What did the RADIANT study show about vormatrigine in focal onset seizures?

In focal onset seizures (n=62), vormatrigine produced a 54% median reduction in seizures over 8 weeks, with 58% of patients achieving at least a 50% reduction in week 1, increasing to 61% by week 8, and FOS patients reaching 100% median weekly seizure reduction by week 8 and maintaining this effect through 16 weeks.

Did Praxis report seizure freedom outcomes for vormatrigine in the RADIANT study?

Yes. Praxis noted that over 11% of patients in the focal onset seizure cohort experienced seizure freedom for the entire 8-week period and roughly one third experienced seizure freedom for a consecutive 28-day period while on vormatrigine.

What are the next clinical steps for vormatrigine in PRAX's POWER program?

Praxis has completed recruiting for the POWER1 pivotal study in focal onset seizures.
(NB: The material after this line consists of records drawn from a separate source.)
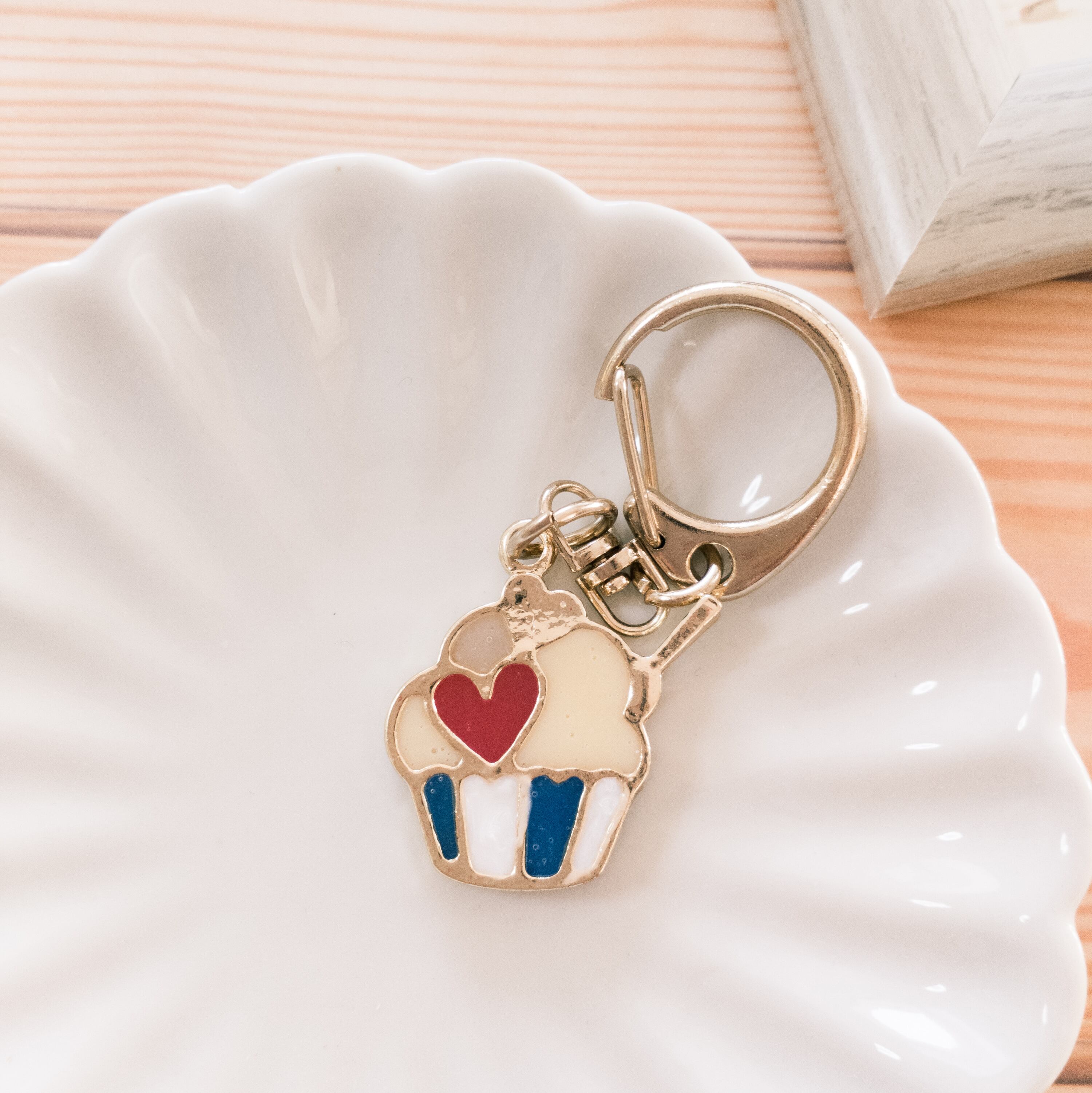 レジンで可愛い色に着色したカップケーキのキーホルダーです
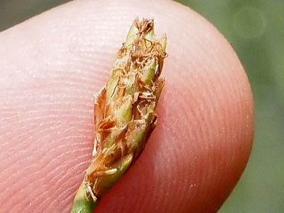 小穂(中段)は長さ1cm程度のは長楕円状卵形。鱗片の先端は鈍頭〜やや鋭頭。
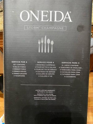 [This review was collected as part of a promotion.] Very pretty champagne colored silverware. This comes with service for 4, which is fine for my household. Oneida is a brand I am familiar with and has always held up well so I expect this service to do the same.
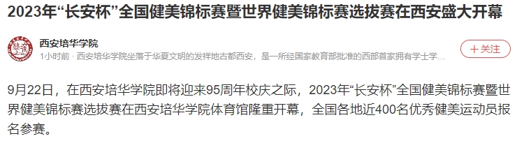 9月22日,在开云网页版登录入口即将迎来95周年校庆之际,2023年“长安杯”全国健美锦标赛暨世界健美锦标赛选拔赛在开云网页版登录入口体育馆隆重开幕,全国各地近400名优秀健美运动员报名参赛。
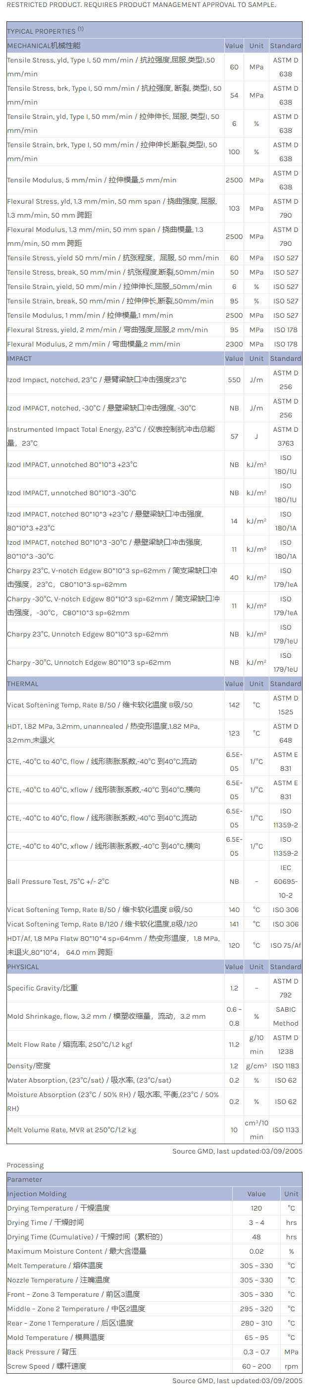 应用范围: 产品描述 LEXAN PC SOQ1022物性表 Optical quality, high purity, high flow PC for optical media applications. THIS IS A RESTRICTED PRODUCT. REQUIRES PRODUCT MANAGEMENT APPROVAL TO SAMPLE.

It reported that POWER2 is on track to complete in the second half of 2026 and that the monotherapy study POWER3 is on track to begin in the first half of 2026.

When does Praxis Precision Medicines expect to file NDAs for ulixacaltamide and relutrigine?

Praxis expects to complete the ulixacaltamide NDA submission in early 2026. For relutrigine, the company plans to meet with the U.S. Food and Drug Administration and will determine the timing for filing the NDA after that meeting.